初代聖女シャルロッテ・エル・ロスガルスは、
勇者エイレーネに殺されて“ロスガルス”という血統は絶えたんだよね♪」
「だから、聖女って“襲名制”になったんだろ?」
「そうそう!」
アリスが指を立てて頷く。

「初代聖女様の家族も皆殺しにされたの。でも……私のご先祖様は生き残った」
アリスのご先祖様――初代聖女の叔父夫婦は。
「聖女殺し」の夜、生き延びた数少ない者だった。
事件のあと、人々はそれを「神の奇跡」と語り継いだ。
“あの地獄で、唯一生きて帰った家族”――そう持ち上げられた。
けれど、叔父夫婦は生涯こう語っていたという。

「あの夜、私たちの前に“黒い悪魔”が現れた。
確かに私たちに気づき、一歩、また一歩と、真っ直ぐ近づいてきた」
だが目が合った瞬間、その悪魔はシャムシールを納め。
何か言いたげに、わずかに首を横に振った。
そして静かに踵を返し、夜の奥へと去っていった。

周囲は「それが神の慈悲、奇跡だ」と信じて疑わなかった。
だが、叔父夫婦の目に焼き付いて離れなかったのは。
あの黒い悪魔が“明確な意志”で自分たちを殺さず。
まるで“使い道のために残した”かのような眼差しだった。
神の奇跡などではない。
誰かが「わざと生かした」結果、奇跡に見せかけただけだった。
“救い”の物語に仕立てられた裏で「次代の火種」を残すためだけに。
悪魔は剣を収めて去っていった。

「アリスの両親は強制的に巡礼送り。その先で――事故死ってやつさ」
「……なるほど」
メルクリウスは、その言葉を飲み込むように呟いた。
「それで君は……ハリマ修道院へ」
「当たり♡」
アリスが、楽しげに笑った。
「だからさぁ――私は正当な血筋なの。
聖女っていう名前を継ぐのに、私ほどふさわしい人間はいないんだよね♡」
メルクリウスの表情が、微かに苦く歪む。

(……正統な血筋……僕には、そんなもの――)
「ねぇねぇ、神官様」
アリスが、軽やかな声で問いかける。
「君には、何があるの?正統な家柄?血筋?何もないよね♡」
その声が、まるで心臓をえぐるように響いた。
“必要のない存在”として生きてきた過去が、フラッシュバックする。
アリスが、さらに言葉を重ねる。

「ねぇ、私のこと羨ましい?正統な家柄を持ってる私のこと――」
その問いに――メルクリウスは、かすかに笑った。
「……羨ましいよ」
メルクリウスが、わずかに震える声で口にした。
アリスが、一瞬、目を見開いた。
「……へぇ」
「……僕の名は――あの家では“口にすること”すら許されない」
メルクリウスは、唇を噛みしめながら続けた。

「部屋と言えば、蔵だけ。

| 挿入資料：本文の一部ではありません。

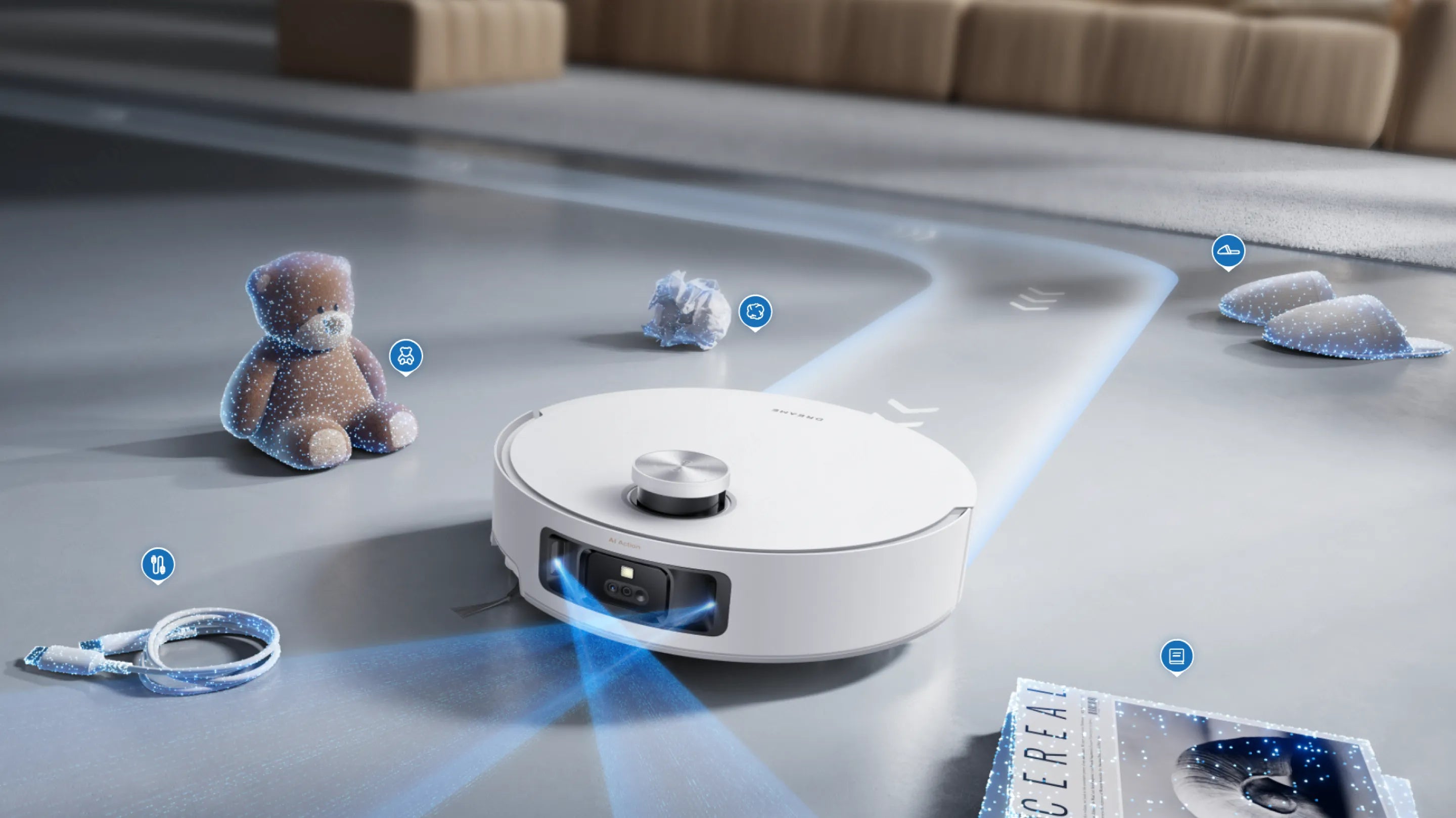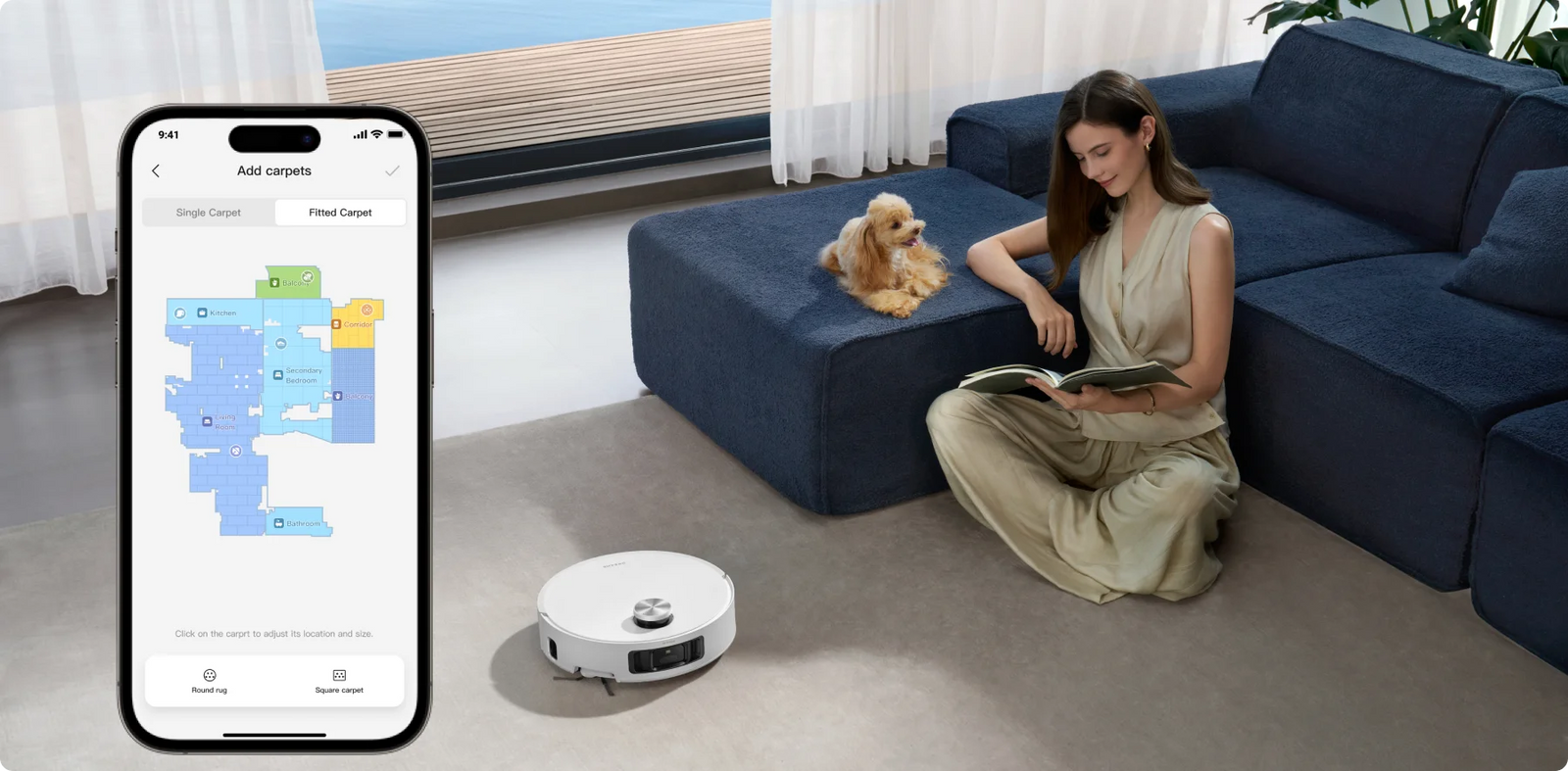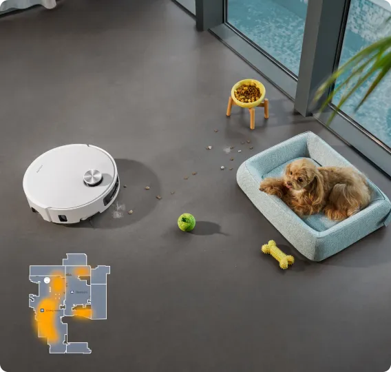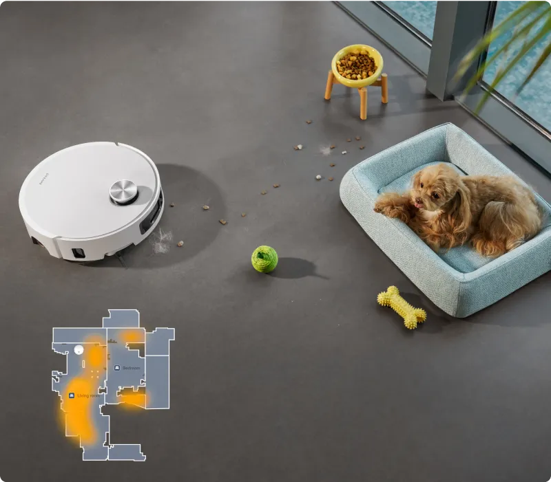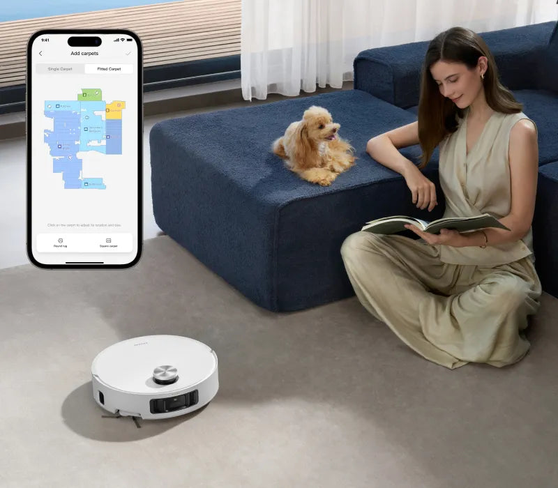 *Intensive carpet cleaning: Available in the cleaning app. After setting up, the robot vacuum will properly slow the speed and clean the carpet twice.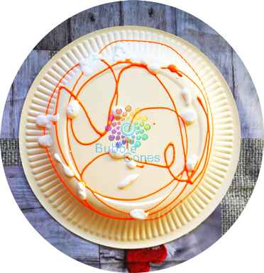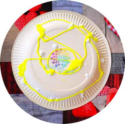Je dépose des filets de peinture sur l’assiette en carton : un mélange de jaune et de blanc pour obtenir un effet clair et lumineux.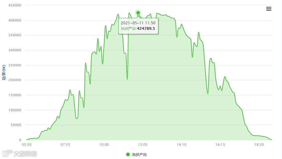(表3 5月11日发电量数据,中午11:50阳光充沛,所以发电量最高,发电功率达424789.5W)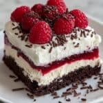 Keywords: Raspberry Chocolate Lasagna, no-bake dessert, layered dessert, Oreo crust, chocolate pudding, raspberry cream cheese layer, Cool Whip dessert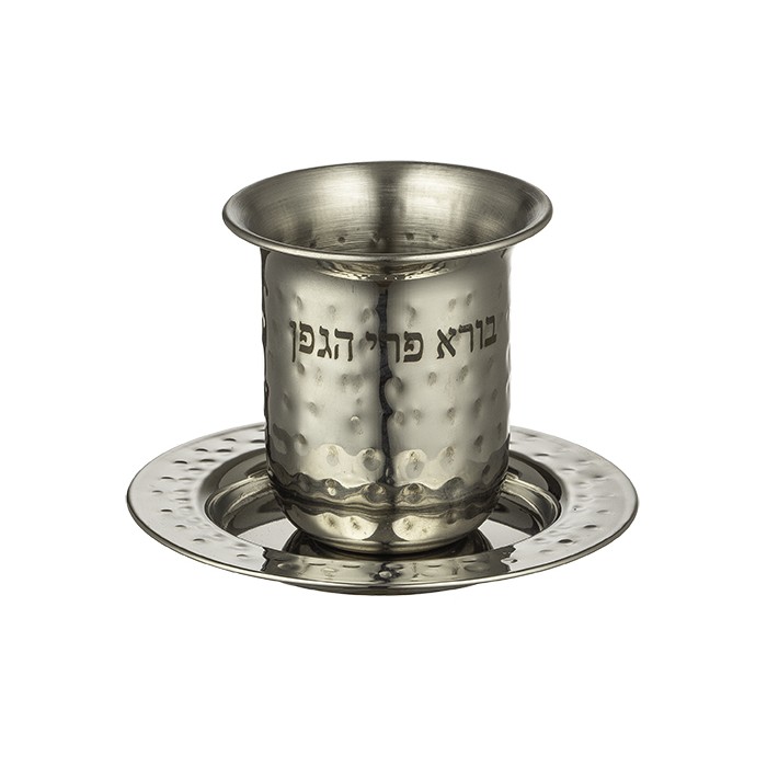 Verre de kidouch à pied et son assiette martelés en inox emmaillé, motif Boré Peri Haguefen.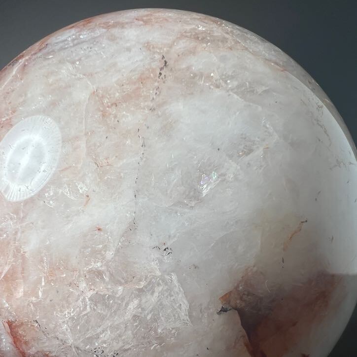 やわらかな白〜ベージュの中に、赤茶の流れが広がるライモナイトスフィアです。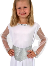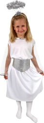 Dziecięcy kostium Anioł z aureolą i paskiem to doskonały wybór na karnawał lub przyjęcia tematyczne. Kostium obejmuje aureolę, pasek i sukienkę. Wykonany w srebrno-białej kolorystyce, która nadaje poczucie czystości i elegancji.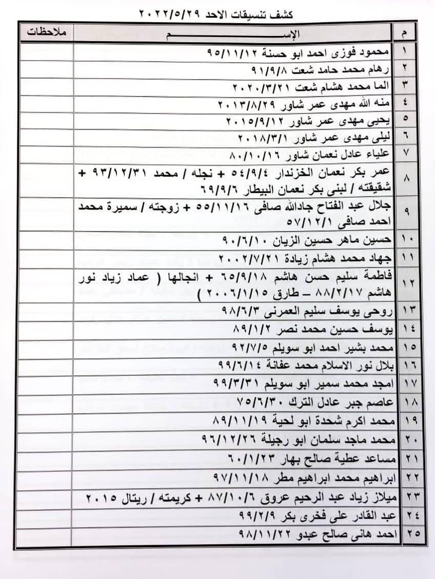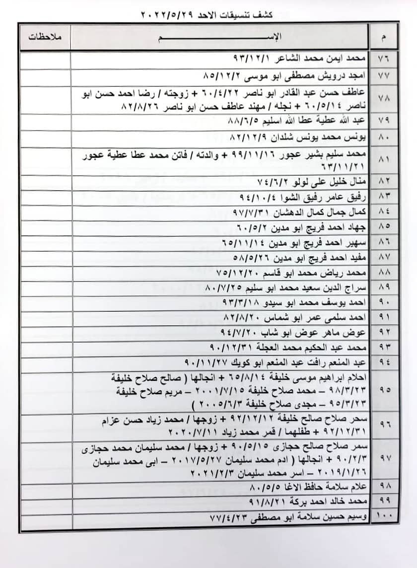 تعلن الهيئة العامة للمعابر والحدود بوزارة الداخلية والأمن الوطني عن وصول كشف "تنسيقات مصرية" للسفر عبر معبر رفح البري يوم الأحد (29 مايو)، والذين عليهم التوجه لإجراء فحص كورونا الساعة 8 صباح الأحد بمركز شـ.ـهداء رفح الصحي ثم التوجه للصالة الخارجية للمعبر لتسهيل سفرهم.

正門から入るなんてもってのほか」
「僕の存在自体が“無かったこと”にされている」
その言葉に――アリスは、しばし黙った。
そして、くるりと踵を返し、
デクシアの胸に軽く寄りかかりながら、
ふわりと笑った。

「闇♡」
その一言が、毒のように甘く響いた。
デクシアが、苦笑しながらメルクリウスを見下ろす。
「……神官さん、案外普通の人間なんだな」
「何が?」
「だってさ――嫉妬してんじゃん」
「……」
メルクリウスは、自嘲するように目を伏せた。

(……そうだ。僕は――羨ましい)
正統な血筋を持ち、認められ、愛され、存在が許されている。
そんな彼女が、眩しくて仕方なかった。
(……僕には、何もない)
自分が“勇者”として認められていないこと、聖痕が未だに発現していないこと。
それらすべてが、ただの“空っぽ”に感じた。

アリスが、少しだけ顔を近づけて、耳元で囁く。
「ねぇ、神官様――そんなに欲しかったんだ、正当な存在っていう“肩書き”が♡」
メルクリウスは、何も言えなかった。
その瞳に、ほんの少しだけ悔しさの涙が滲んだ。
アリスが、メルクリウスの頬を撫でながら甘い声で囁く。

「ねぇ、神官様――マスターに会ってみたら?」
「……」
メルクリウスは、まだかすかに震えたまま言葉を飲み込む。
「マスター、優しいよ♡」
アリスが、まるで恋人に触れるように指をすべらせる。
「特にね、闇深い人には――」
「……闇深い?」
メルクリウスが、わずかに顔を上げる。

「……ねぇ、神官様――欲しいでしょ? “自分が肯定される”場所が」
「……ッ」
メルクリウスは、その言葉に――心が揺れた。
(……肯定される……場所?)
デクシアが、そっとメルクリウスの額に触れ乱れた髪をかき分ける。
「お前さ――可哀想だよな。
誰からも認められず、生きてる意味さえわかんねぇんだろ?」
「……僕は……」
(なんのために――生まれてきたんだ)

その言葉が、心の奥で何度も反響する。
気づけば――頬に、一筋の涙が伝っていた。
アリスが、その涙を指でぬぐう。
「……ほらね、寂しかったんだ」
「……違う……」
「ううん、違わないよ」
アリスが、まるで哀れむように微笑む。
「だってね、泣くってことは――心が、もう限界だって言ってるんだよ♡」
デクシアが、そのままメルクリウスの肩を抱きしめる。
「お前さ――一緒に来いよ。マスターのとこなら、救われるぜ?」
「……僕は……」
心の中で「救われたい」と叫ぶ自分がいた。